Exercise: Everything in the listing below should be written out again exactly, except the pictures.

Source material:
--- START ---

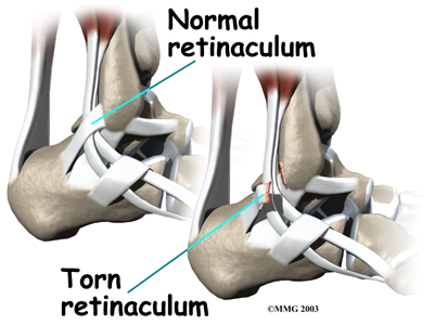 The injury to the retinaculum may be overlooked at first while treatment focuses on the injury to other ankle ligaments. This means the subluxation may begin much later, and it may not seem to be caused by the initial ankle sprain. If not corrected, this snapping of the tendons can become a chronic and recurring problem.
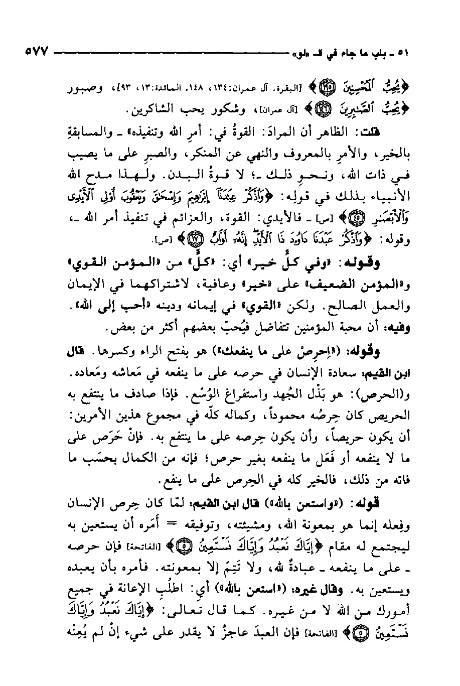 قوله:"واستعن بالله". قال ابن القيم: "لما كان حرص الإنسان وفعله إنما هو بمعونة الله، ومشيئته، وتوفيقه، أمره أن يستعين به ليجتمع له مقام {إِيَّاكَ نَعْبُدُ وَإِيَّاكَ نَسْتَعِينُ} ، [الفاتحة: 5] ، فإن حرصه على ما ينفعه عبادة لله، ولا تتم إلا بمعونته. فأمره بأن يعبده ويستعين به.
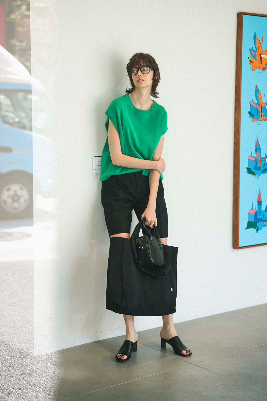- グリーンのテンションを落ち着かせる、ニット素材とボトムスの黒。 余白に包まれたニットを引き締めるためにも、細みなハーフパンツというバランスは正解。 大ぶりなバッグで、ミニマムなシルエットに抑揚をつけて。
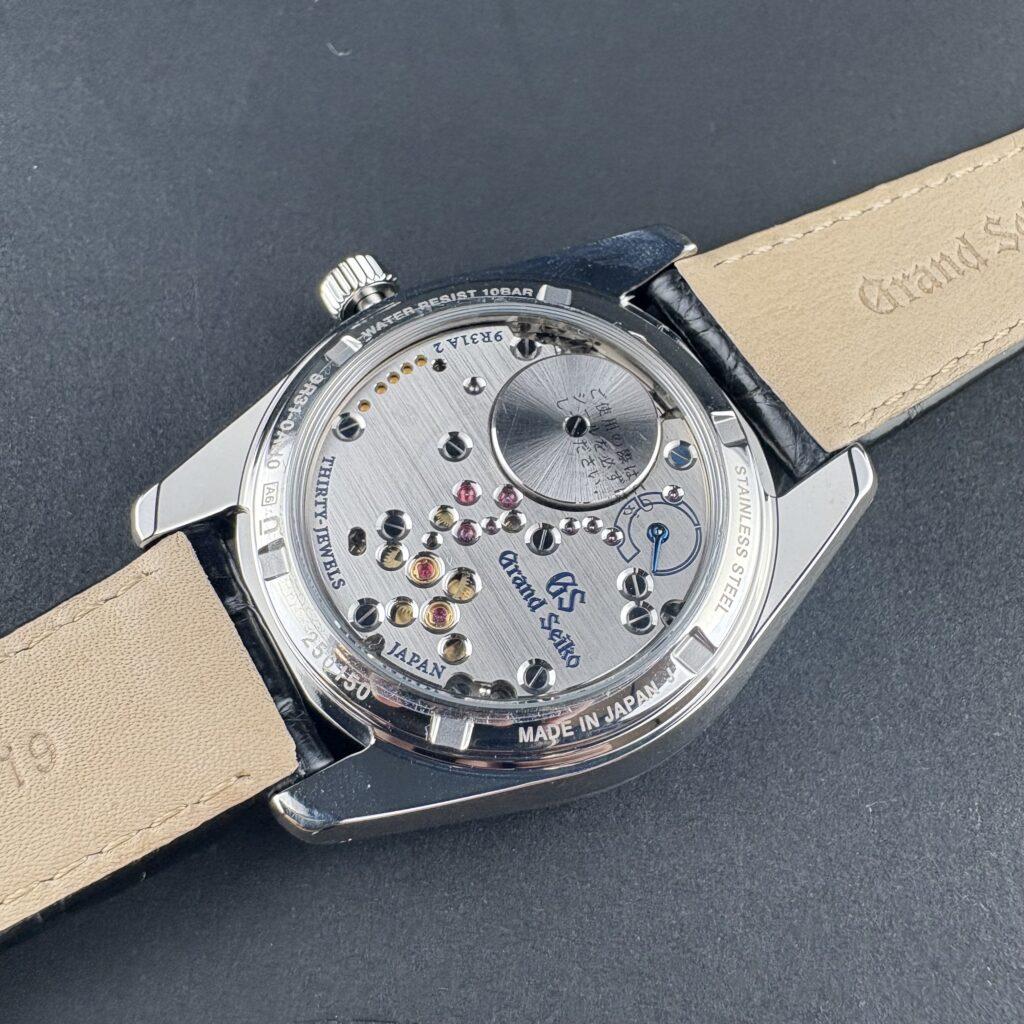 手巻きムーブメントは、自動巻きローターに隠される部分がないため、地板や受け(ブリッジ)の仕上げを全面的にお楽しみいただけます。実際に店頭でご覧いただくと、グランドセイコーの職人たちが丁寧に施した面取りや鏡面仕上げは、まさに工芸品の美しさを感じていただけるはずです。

--- END ---

Result of this exercise:
 The injury to the retinaculum may be overlooked at first while treatment focuses on the injury to other ankle ligaments. This means the subluxation may begin much later, and it may not seem to be caused by the initial ankle sprain. If not corrected, this snapping of the tendons can become a chronic and recurring problem.
 قوله:"واستعن بالله". قال ابن القيم: "لما كان حرص الإنسان وفعله إنما هو بمعونة الله، ومشيئته، وتوفيقه، أمره أن يستعين به ليجتمع له مقام {إِيَّاكَ نَعْبُدُ وَإِيَّاكَ نَسْتَعِينُ} ، [الفاتحة: 5] ، فإن حرصه على ما ينفعه عبادة لله، ولا تتم إلا بمعونته. فأمره بأن يعبده ويستعين به.
- グリーンのテンションを落ち着かせる、ニット素材とボトムスの黒。 余白に包まれたニットを引き締めるためにも、細みなハーフパンツというバランスは正解。 大ぶりなバッグで、ミニマムなシルエットに抑揚をつけて。
 手巻きムーブメントは、自動巻きローターに隠される部分がないため、地板や受け(ブリッジ)の仕上げを全面的にお楽しみいただけます。実際に店頭でご覧いただくと、グランドセイコーの職人たちが丁寧に施した面取りや鏡面仕上げは、まさに工芸品の美しさを感じていただけるはずです。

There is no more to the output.